Nie mylę wytłumaczyłem wyżej i w kontekście bemola wyróżniłem znacznik jak i game (tonacja), no ale dobrze skoro Pan taki oporny to proszę bardzo definicje
b-moll - gama muzyczna oparta na skali molowej, której toniką jest b.... natomiast Scherzo op. 31, Sonata nr 2 - Fryderyka Chopina jest właśnie znanym dziełem opartym na tonacji b-moll czyli jest w bemolu - jasne ?. Mówiąc "natomiast w bemolu" miałem na myśli, że coś jest w tonacji bemoll, użyłem skrótu bo myślałem, że Pan się domyśli ..zresztą ja P
anie Bartku nie rozumiem, skoro sam Pan napisał, że
Bartek T. napisał/a:
Biorąc pod uwagę, że tonacja może być d-moll po spolszczeniu na upartego niech będzie demol
Więc analogicznie można zbudować zdanie takie "Biorąc pod uwagę, że tonacja może być b-moll po spolszczeniu na upartego niech będzie bemoll ?"
Bartek T. napisał/a:
Czyżby raczył Pan pomylić tonację b-moll z bemolem jako znaczkiem?
Nic nie pomyliłem - jeszcze raz powtarzam .. Panie Bartku myślałem, że to co pisze jest oczywiste poprzez kontekst i nie wiedziałem, że jak b-moll i bemol będę tak samo traktował fonetycznie, to Pan się nie połapie..ech ..na drugi raz będę bardziej precyzyjny !!
Bartek T. napisał/a:
Co do durów to d-moll bardziej przypomina tonację f-dur niż d-dur.

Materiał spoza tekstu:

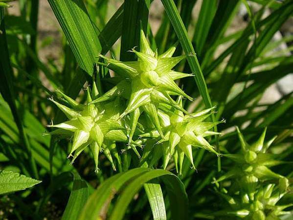 Осока Грея. Рано отрастающая осока. Светло-зеленые, почти салатные листья образуют холмообразную, медленно расползающуюся кочку, высотой около 50-60 см. В конце июня появляются цветоносные стебли, на конце которых образуются булавовидные семенные головки светло-зеленого цвета, диаметром 2-4 см, не теряющие привлекательности все лето и осень.
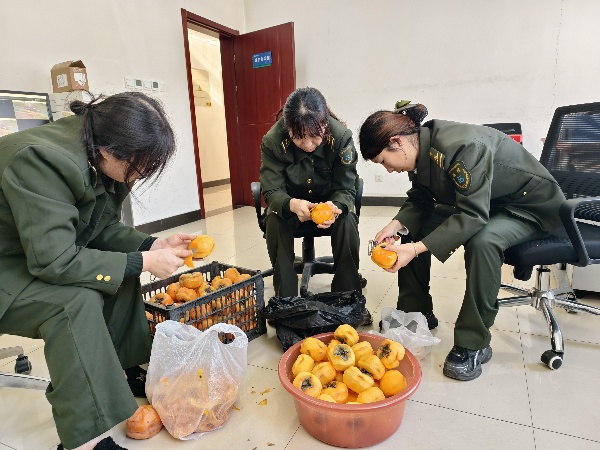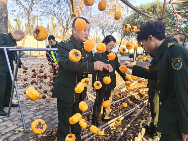 活動現(xiàn)場暖意涌動,分工會提前籌備了新鮮甘甜的柿子,職工們分工明確、熱情高漲。有的專注分揀柿子,削皮并細致清理蒂部殘留;有的嫻熟捻動棉線,將柿子穩(wěn)穩(wěn)穿成串,一串串艷紅的果實在指尖漸次成型;還有的默契配合,將串好的柿子有序懸掛在收費站的葡萄架下。暖陽映照下,紅彤彤的柿子似瑪瑙般垂掛于枝葉間,與職工們忙碌的身影交織成一幅生動的畫卷,爽朗的笑聲在庭院中久久回蕩。這片綴滿紅柿的葡萄架,更成了職工們爭相打卡的“網(wǎng)紅角落”,大家紛紛駐足留影,定格這份冬日里的甜蜜與溫馨。

Piknę zdanie Ciekawe kiedy Pan napisze "Co do ludzi to świnia bardziej przypomina mi niebo"
A poza tym chyba nikt nie napisał że d-moll przypomina mu d-dur (bo chyba wiadomo jaka jest różnica), natomiast wiadomym faktem muzycznym jest, iż tonacja d-moll nie tyle przypomina tonacje f-dur co jest jej pokrewną (i nie tam żebym się znał jakoś szczególnie, ale pewnie dla tego że obie skale mają te sam dźwięki występujące po sobie z taką różnicą, że pierwszy dźwięk skali f-dur jest trzecim dźwiękiem skali d-moll i tak dalej..)
Chciałbym poprzeć kolegów Bartka T. i smootha uprzedzając potencjalnie wysuwane pod ich adresem zarzuty o tematyczny offtopic: absurdalność drugiej (choć i po części pierwszej) wypowiedzi Pana o wdzięcznym niku "stowarzyszenie NB" całkowicie usprawiedliwiają arcyciekawą, aczkolwiek offtopikową dyskusję owych forumowiczów poświęconą, jeśli dobrze zrozumiałem (choć wykształcenie muzyczne zakończyłem w ósmej klasie szkoły podstawowej, więc pewnie nie), przewadze demola nad krzyżykiem (przez wielu miłośników klawiatury z czasów raczkującej komputeryzacji zwanych błędnie, acz uczenie bemolem), czyli znaczkiem znajdujący się tuż nad "3", a osiąganym poprzez przytrzymanie klawisza sift.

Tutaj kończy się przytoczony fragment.